On pace, ARM outcomes (Apple M3 Max) present turbovec beating FAISS IndexPQFastScan by 12–20% throughout each configuration. On x86 (Intel Xeon Platinum 8481C / Sapphire Rapids, 8 vCPUs), turbovec wins each 4-bit configuration by 1–6%. It runs inside ~1% of FAISS on 2-bit single-threaded. Two configurations sit barely behind FAISS: 2-bit multi-threaded at d=1536 and d=3072. There, the interior accumulate loop is just too brief for unrolling amortization. FAISS’s AVX-512 VBMI path holds the sting in these two circumstances (2–4%).
Python API
Installation is a single command: pip set up turbovec. The main class is TurboQuantIndex, initialized with a dimension and bit width.
from turbovec import TurboQuantIndex
index = TurboQuantIndex(dim=1536, bit_width=4)
index.add(vectors)
scores, indices = index.search(question, okay=10)
index.write("my_index.tq")
A second class, IdMapIndex, helps secure exterior uint64 IDs that survive deletes. Removal is O(1) by ID. This is helpful for doc shops the place vectors are ceaselessly up to date or deleted.
turbovec integrates with LangChain (pip set up turbovec[langchain]), LlamaIndex (pip set up turbovec[llama-index]), and Haystack (pip set up turbovec[haystack]). The Rust crate is out there through cargo add turbovec.
Marktechpost’s Visual Explainer
01 / 07
Key Takeaways
- No codebook coaching. turbovec indexes vectors immediately — no k-means, no rebuilds because the corpus grows.
- 16x compression. A 1536-dim float32 vector shrinks from 6,144 bytes to 384 bytes at 2-bit quantization.
- Faster than FAISS on ARM. turbovec beats FAISS IndexPQFastScan by 12–20% on ARM throughout each configuration.
- Near-optimal distortion.

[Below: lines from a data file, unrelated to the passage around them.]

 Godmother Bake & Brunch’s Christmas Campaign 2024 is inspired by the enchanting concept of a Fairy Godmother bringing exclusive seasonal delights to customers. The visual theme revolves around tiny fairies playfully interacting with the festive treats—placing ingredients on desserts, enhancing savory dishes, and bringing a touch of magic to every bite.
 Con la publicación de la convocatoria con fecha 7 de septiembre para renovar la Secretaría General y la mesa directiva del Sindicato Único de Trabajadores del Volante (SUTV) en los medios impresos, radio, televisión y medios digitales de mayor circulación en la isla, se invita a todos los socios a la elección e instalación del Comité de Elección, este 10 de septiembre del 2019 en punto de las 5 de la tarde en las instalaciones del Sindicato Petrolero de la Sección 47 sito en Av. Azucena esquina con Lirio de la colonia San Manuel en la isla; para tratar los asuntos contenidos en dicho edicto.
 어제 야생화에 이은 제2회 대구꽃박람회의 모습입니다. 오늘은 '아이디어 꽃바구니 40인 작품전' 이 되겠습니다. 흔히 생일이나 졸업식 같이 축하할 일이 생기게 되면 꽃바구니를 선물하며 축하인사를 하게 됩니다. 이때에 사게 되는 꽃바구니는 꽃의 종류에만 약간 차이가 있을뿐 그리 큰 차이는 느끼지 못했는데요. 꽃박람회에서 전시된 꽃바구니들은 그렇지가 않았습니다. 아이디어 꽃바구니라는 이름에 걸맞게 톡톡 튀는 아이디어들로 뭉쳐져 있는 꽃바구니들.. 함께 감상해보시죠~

TurboQuant achieves distortion inside ~2.7x of the Shannon decrease certain — provably close to the theoretical restrict.
- Fully native. No managed service, no information egress — pairs with any open-source embedding mannequin for an air-gapped RAG stack.

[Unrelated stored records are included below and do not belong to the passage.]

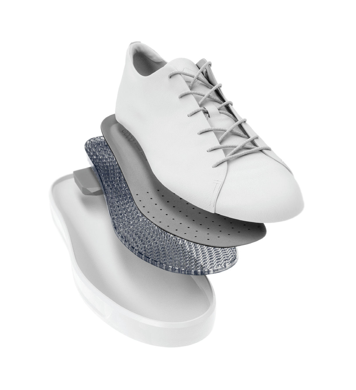 フットウエア市場に機能的にカスタマイズされた『QUANT-U』を発表。靴を履く個々の人の足型と足の自然な動きに合わせた3Dプリンター・ミッドソールをECCOのアイコン的存在のシューズに取り入れました。カスタマイズされた靴には定価に追加料金が加わり2018年4月、期間限定でアムステルダムにあるECCOのコンセプトストア『W-21』で展開しました。『QUANT-U』はECCOが培ってきた靴製造における伝統に技術、素材と更なる履き心地の良さを融合し、新時代のシューズ業界への発展と革新を目指します。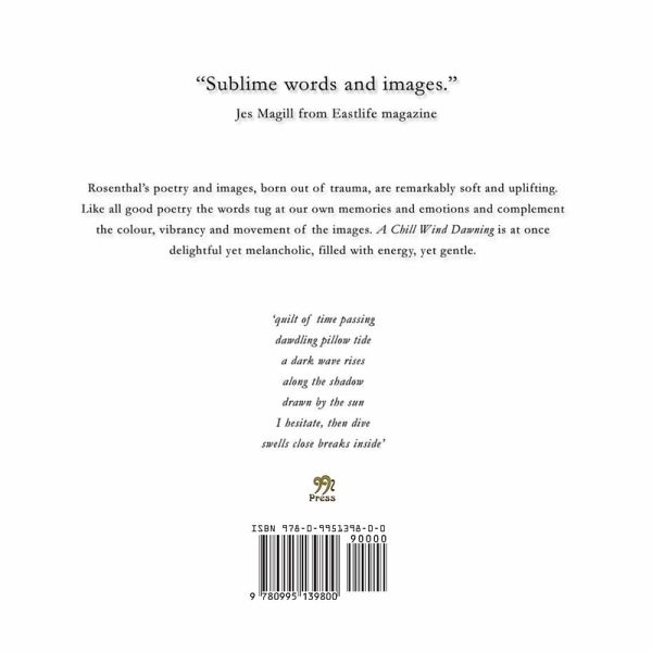 Rosenthal's poetry and images, born out of trauma, are remarkably soft and uplifting. Like all good poetry the words tug at our own memories and emotions and complement the colour, vibrancy and movement of the images. A Chill Wind Dawning is at once delightful yet melancholic, filled with energy, yet gentle.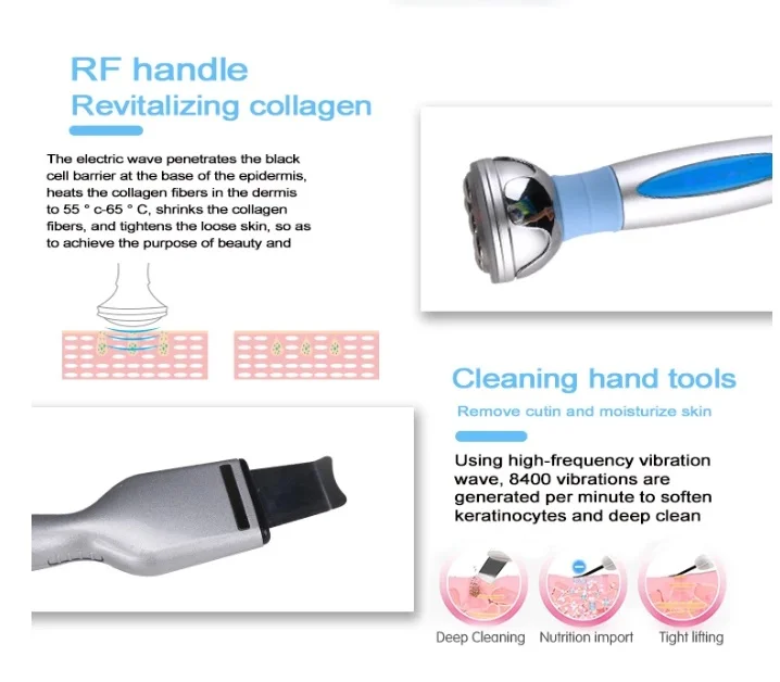 - Import de lichid cu ultrasunete: Facilitează absorbția profundă a produselor de îngrijire a pielii prin utilizarea ultrasunetelor.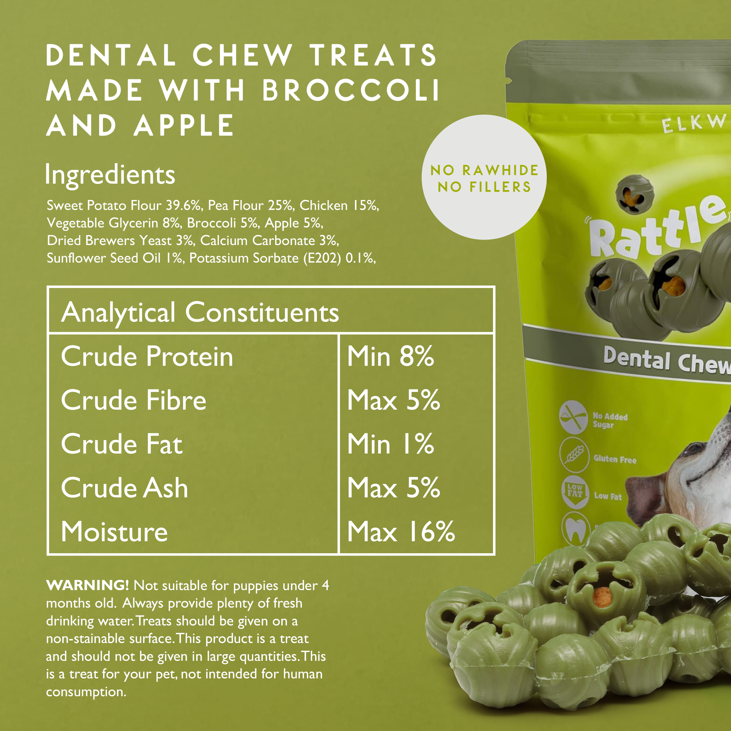 Elkwood Dog Treats Broccoli & Apple Rattlesnaps | Petwell

Check out the Repo here. Also, be happy to comply with us on Twitter and don’t overlook to hitch our 150k+ ML SubReddit and Subscribe to our Newsletter. Wait! are you on telegram? now you can join us on telegram as well.
Need to associate with us for selling your GitHub Repo OR Hugging Face Page OR Product Release OR Webinar and many others.? Connect with us
The submit Meet Turbovec: A Rust Vector Index with Python Bindings, and Built on Google’s TurboQuant Algorithm appeared first on MarkTechPost.